# TASK OBJECTIVE
Only the lines from the first line of the data through the line containing "记者注意到,隆基绿能的股东户" belong in the answer, transcribed exactly; pictures do not.

# DATA PROVIDED
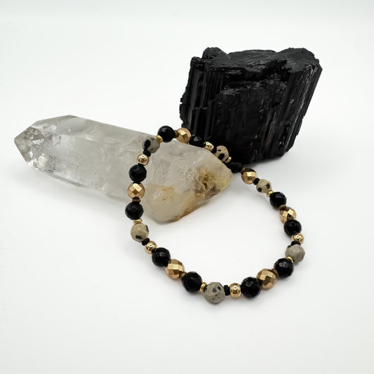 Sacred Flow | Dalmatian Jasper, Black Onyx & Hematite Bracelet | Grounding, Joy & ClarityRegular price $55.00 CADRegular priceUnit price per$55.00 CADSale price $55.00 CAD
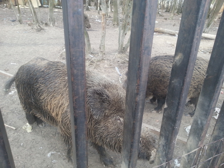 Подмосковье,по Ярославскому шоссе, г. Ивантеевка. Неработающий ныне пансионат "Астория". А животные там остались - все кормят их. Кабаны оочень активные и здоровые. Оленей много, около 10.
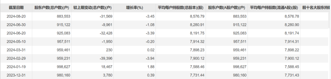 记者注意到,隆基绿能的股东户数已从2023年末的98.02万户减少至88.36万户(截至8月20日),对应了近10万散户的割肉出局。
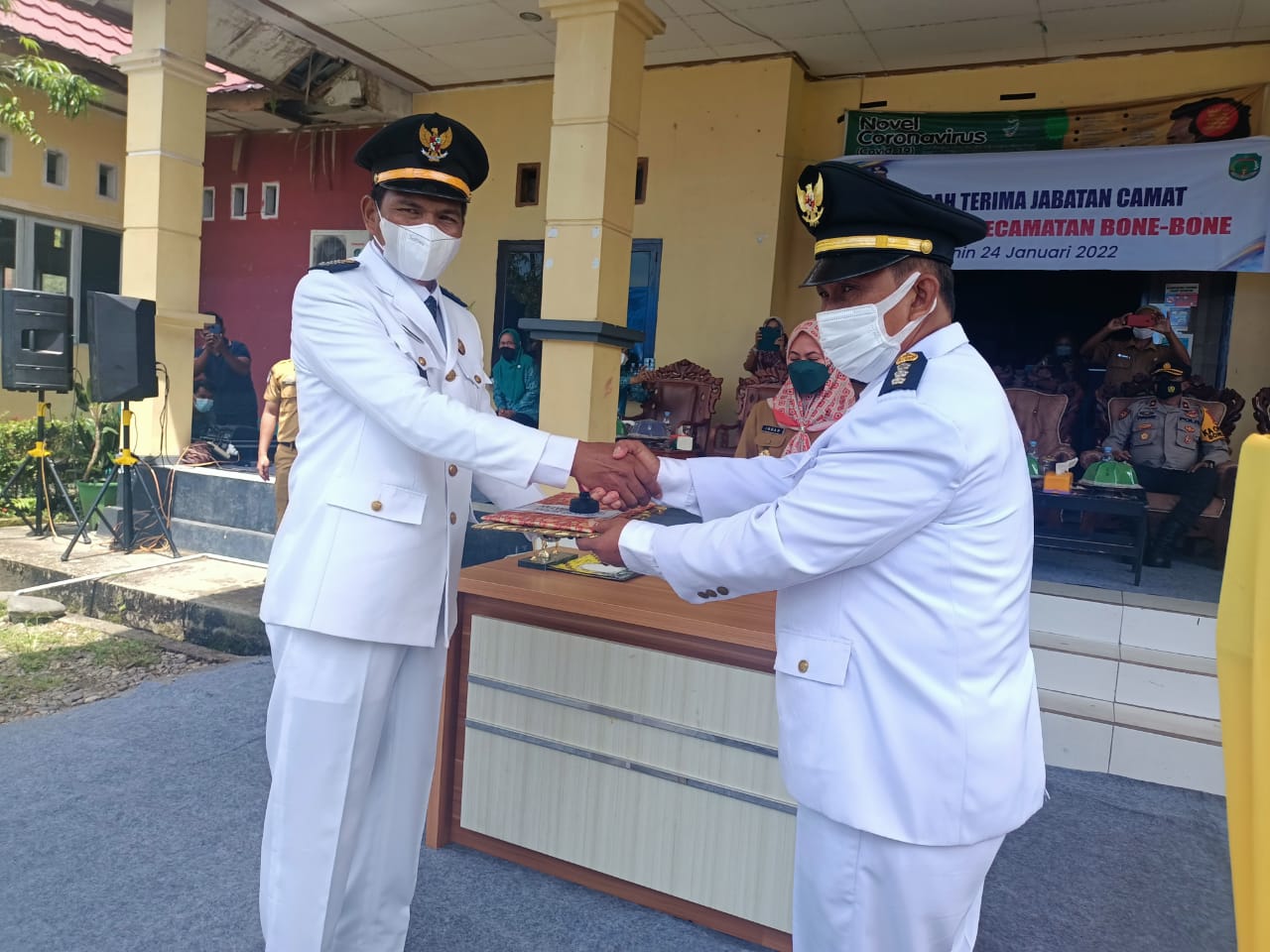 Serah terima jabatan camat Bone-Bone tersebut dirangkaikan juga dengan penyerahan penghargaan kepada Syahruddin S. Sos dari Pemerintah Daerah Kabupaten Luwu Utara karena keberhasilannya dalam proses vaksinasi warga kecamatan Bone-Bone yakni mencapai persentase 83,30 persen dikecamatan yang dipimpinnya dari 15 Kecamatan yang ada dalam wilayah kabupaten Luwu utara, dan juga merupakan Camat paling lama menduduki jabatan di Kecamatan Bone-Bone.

# THE ANSWER
 Sacred Flow | Dalmatian Jasper, Black Onyx & Hematite Bracelet | Grounding, Joy & ClarityRegular price $55.00 CADRegular priceUnit price per$55.00 CADSale price $55.00 CAD
 Подмосковье,по Ярославскому шоссе, г. Ивантеевка. Неработающий ныне пансионат "Астория". А животные там остались - все кормят их. Кабаны оочень активные и здоровые. Оленей много, около 10.
 记者注意到,隆基绿能的股东户数已从2023年末的98.02万户减少至88.36万户(截至8月20日),对应了近10万散户的割肉出局。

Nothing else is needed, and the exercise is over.